Martijn Huynen, Nijmegen Center for Molecular Life Sciences University Medical Center St. Radboud p/a Center for Molecular and Biomolecular Informatics, Nijmegen, Netherlands

This paper provides a highly interesting and well documented hypothesis about a cluster of genes that E. Koonin and co-workers have discovered some time ago. By combining biological knowledge with bioinformatics methods and creative thinking the authors propose that Archaea and to a bit lesser extent Bacteria posses an RNA-interference-based immune system involving CRISPR and cas genes, that is analogous the eukaryotic RNA interference systems. Although aspects of this hypothesis have been published before, specifically with respect to CRISPR, this paper is, as far as I can tell, the first that makes the analogy between the cas genes and the RNA interference system. The idea that prokaryotic genomes would internalize pieces of foreign DNA in order to be able to defend themselves against it, thus having an immune system with a memory, would be an interesting example of Lamarckian evolution.

I do have some questions and editorial comments that I think should be addressed.

1) Do the authors have any idea why this system has the phylogenetic distribution that it does, being present in such a small genome as the nanoarchaeon, but not in e.g. the majority of Firmicutes

Author response: No mechanistic idea, unfortunate as this might be. We added some additional discussion of the ultimate origin of CASS (see the response to Patrick Forterre).

2) concerning the feasibilty of the system proposed by the authors: Is there anything known about how many fiendly DNAs a prokaryote encounters in daily life, and how does that compare to the number of different elements in a CRISPR ?

Author response: Not enough for this particular comparison. However, it is well known that phages are extremely abundant, much more so than bacteria or archaea, and in the revised manuscript, we refer to this more specifically, with the corresponding references.

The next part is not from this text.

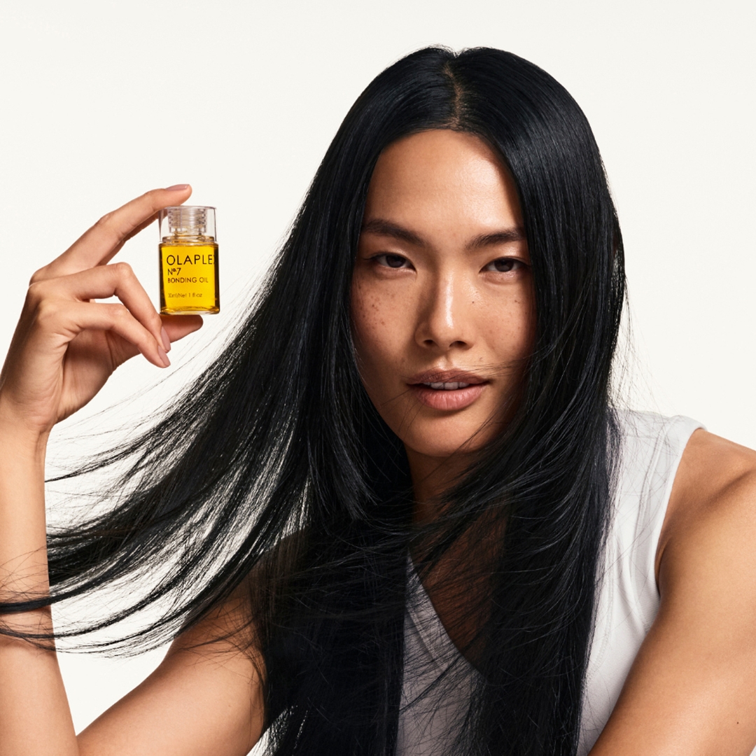 Nałóż niewielką ilość Olaplex No.6 na wilgotne włosy (przed suszeniem) lub na suche i stylizuj włosy tak, jak lubisz. Zaaplikuj kilka kropel Olaplex No.7 na wnętrze dłoni, rozetrzyj i rozprowadź na długościach i końcach. Możesz również połączyć Olaplex No.6 z kilkoma kroplami Olaplex No.7 i rozprowadzić na długości i końcach włosów (na mokre bądź suche włosy).

3) Regarding the Lamarckian scheme: That the unique element of the CRISPR correspond to highly conserved, essential elements of phage genes suggests that selection on genetic variation also plays role here. So the scheme would be partly Lamarckian.

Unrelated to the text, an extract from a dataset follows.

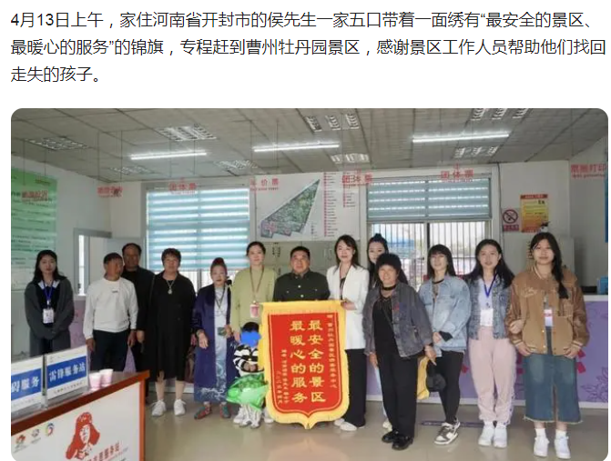 而就在4月13日,有报道称,家住河南省开封市的侯先生一家五口带着一面绣有“最安全的景区、最暖心的服务”的锦旗专程来到曹州牡丹园景区,感谢景区工作人员帮助他们找回了在景区走失的孩子。

Author response: Probably, so. The way we state it in the text "CASS seems to come closest to a true Lamarckian mode of evolution among all known systems of heredity" is compatible with this view.

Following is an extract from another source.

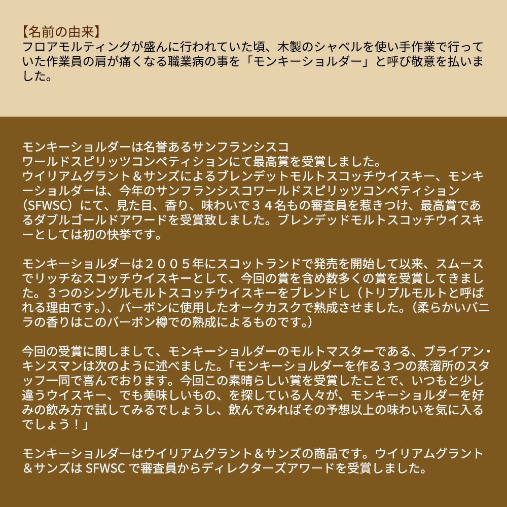 他の画像を見る 【正規品】モンキーショルダー スモーキーモンキー ブレンデッド モルト・スコッチ ウイスキー ウィリアム グラント社 700ml 40%MONKEY SHOULDER SMOKEY MONKEY BLENDED MALT SCOTCH ウイスキー 当店特別価格 ¥ 5,088 税込 カートに入れる お気に入りに登録する

4) I am not so convinced by the argument on page 3 that the results imply that even among closely related prokaryotes the most commonly encountered phages are different. First of all, it is more a corollary of the hypothesis, but second, it could also reflect the high turnover of phages over time, rather than niche.

Author response: This is a very good idea, we now mention this possibility both in the Abstract and in the Discussion.

5) I am puzzled on the involvement of more or less randomly selected pieces of DNA from foreign DNA/RNA in exactly the same location in the secondary structure of the psiRNA (the top of the hairpin). Does this pattern occur more often?

Author response: The situation when the insert forms a stem of varying stability with parts of the repeats is common but not universal. The positions of the inserts are not exactly the same although they are, indeed, very similar, and the stems in which the inserts are involved are imperfect. Of course, the exciting possibility exists that the CRISPR inserts are specifically selected for their ability to base-pair with the repeats, however, we do not have enough data to make that claim.